------ Data provided ------

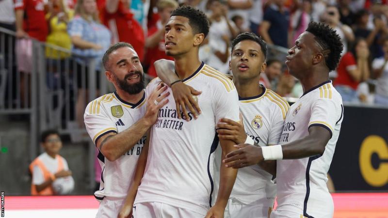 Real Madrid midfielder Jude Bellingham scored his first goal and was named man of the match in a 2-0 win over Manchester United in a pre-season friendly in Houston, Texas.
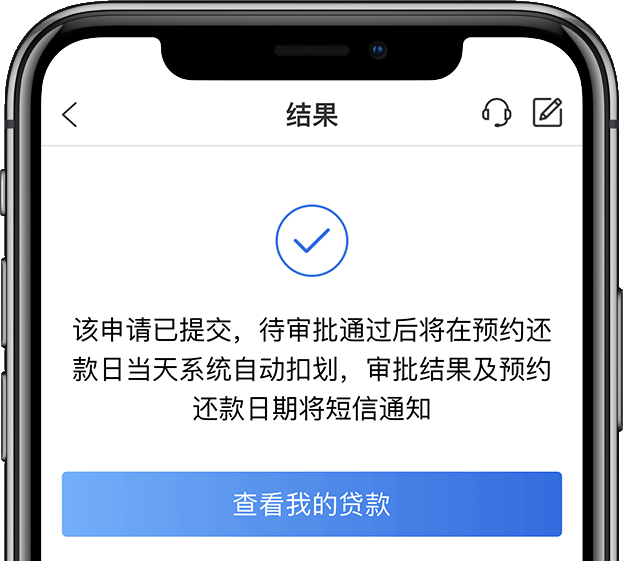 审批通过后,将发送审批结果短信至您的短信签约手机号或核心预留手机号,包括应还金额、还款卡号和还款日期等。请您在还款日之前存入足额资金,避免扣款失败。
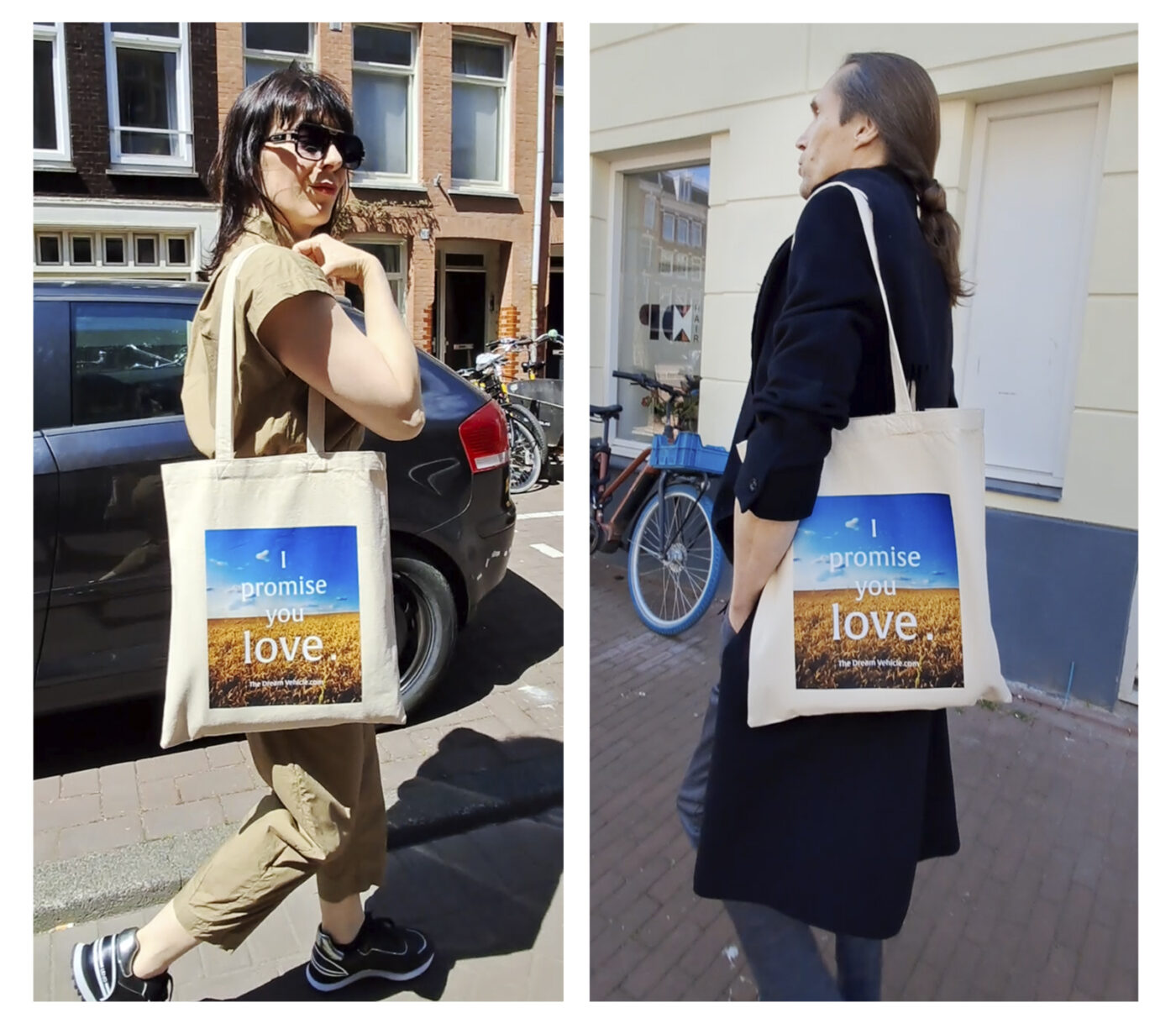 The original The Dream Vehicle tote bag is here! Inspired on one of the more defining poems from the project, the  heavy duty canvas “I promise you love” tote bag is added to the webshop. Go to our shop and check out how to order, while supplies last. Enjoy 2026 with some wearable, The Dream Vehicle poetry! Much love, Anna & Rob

------

Your goal> With the images excluded, reproduce the data above precisely as written.

The answer>
 Real Madrid midfielder Jude Bellingham scored his first goal and was named man of the match in a 2-0 win over Manchester United in a pre-season friendly in Houston, Texas.
 审批通过后,将发送审批结果短信至您的短信签约手机号或核心预留手机号,包括应还金额、还款卡号和还款日期等。请您在还款日之前存入足额资金,避免扣款失败。
 The original The Dream Vehicle tote bag is here! Inspired on one of the more defining poems from the project, the  heavy duty canvas “I promise you love” tote bag is added to the webshop. Go to our shop and check out how to order, while supplies last. Enjoy 2026 with some wearable, The Dream Vehicle poetry! Much love, Anna & Rob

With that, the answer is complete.